2014-04-13 01:53:01 AM  
"Steal" is such an ugly term. And remember the Law of Salvage....
 
2014-04-13 02:48:53 AM  
...one ping only, Vasily!
 
2014-04-13 03:53:57 AM  
Done in one
 
NFA [TotalFark]
2014-04-13 07:16:40 AM  
Slow news day?  Writing stories from the archive?  Too damn lazy to do real work?

Old news is really old.  This story has been published many, many time.
 
2014-04-13 07:59:57 AM  
Lemme guess...Glomar Explorer. *click* yep.

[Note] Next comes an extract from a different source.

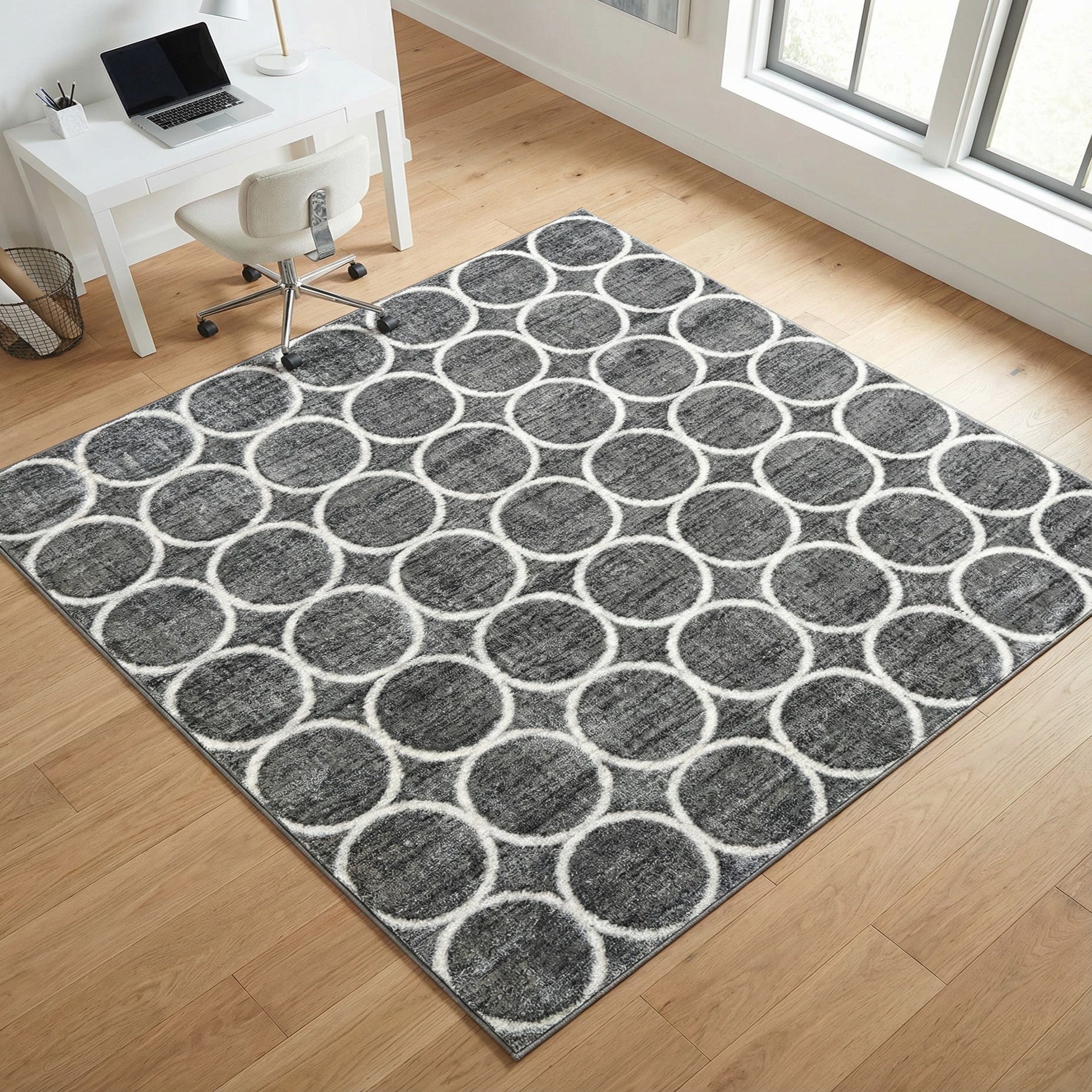 This rug's structured yet airy design lends itself to various decor scenarios. It would serve as a sophisticated anchor in a contemporary living room, add a touch of elegance to a minimalist dining area, or complement the sleek lines of a modern home office. The 6 Ft Square dimension is particularly well-suited for defining seating areas or filling out small to medium-sized spaces with a balanced look.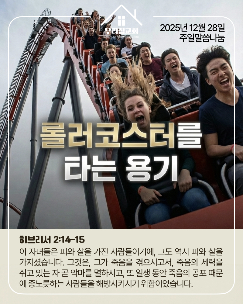 죽음의 공포를 넘어서 산다는 것은 어떤 것일까요? 우리의 삶은 끊임없이 죽음의 공포로 우리를 위협합니다. 매 순간 그것이 실재하는 것처럼, 그것이 해결되어야만 다른 것들이 의미있어지는 것처럼. 하지만 주님께서는 그런 우리에게 다가오셨습니다. 그리고 앞서 살펴 봤던 롤러코스터의 설계자처럼 우리 옆에 앉아서 두려움에 덜덜 떨고 있는 우리에게 이렇게 말씀하십니다. "야, 이거 내가 만들었어. 너 내가 타는 거 봤잖아.너 안 죽어." 죽음의 공포를 넘어서 살아간다는 것은 참된 생명이 어디에 있는지를 아는 것입니다. 그렇기에 그리스도의 십자가는 죽음 너머 부활을 바라보게 합니다. 오늘을 두려워하지 않고 내일을 살게 합니다. 우리의 2026년이 그렇게 생명 가득한 한해가 되어지길 기도합니다.

This story crops up every generation of writers. My dad used to work for a guy who worked on it. That's about all he could say about it at the time.
 
2014-04-13 09:08:23 AM  
Yup, no new news, but it gets dredged up each year.
 
2014-04-13 09:26:14 AM  
One of our submarines is missing...

img.fark.net
 
2014-04-13 09:26:23 AM  

dramboxf: "Steal" is such an ugly term. And remember the Law of Salvage....


Inuentoribus Custodes.
 
2014-04-13 09:32:23 AM  
Well they stole a 1/2 to 2/3rds of a Soviet submarine.
 
2014-04-13 09:33:06 AM  
You can't steal a wrecked ship.  Finders keepers.
 
2014-04-13 09:36:00 AM  

NFA: Slow news day?  Writing stories from the archive?  Too damn lazy to do real work?

Old news is really old.  This story has been published many, many time.


Like, when it happened old. The whole thing was so transparent nobody bought the cover story for a minute.
 
2014-04-13 09:37:12 AM  

enry: Lemme guess...Glomar Explorer. *click* yep.

This story crops up every generation of writers. My dad used to work for a guy who worked on it. That's about all he could say about it at the time.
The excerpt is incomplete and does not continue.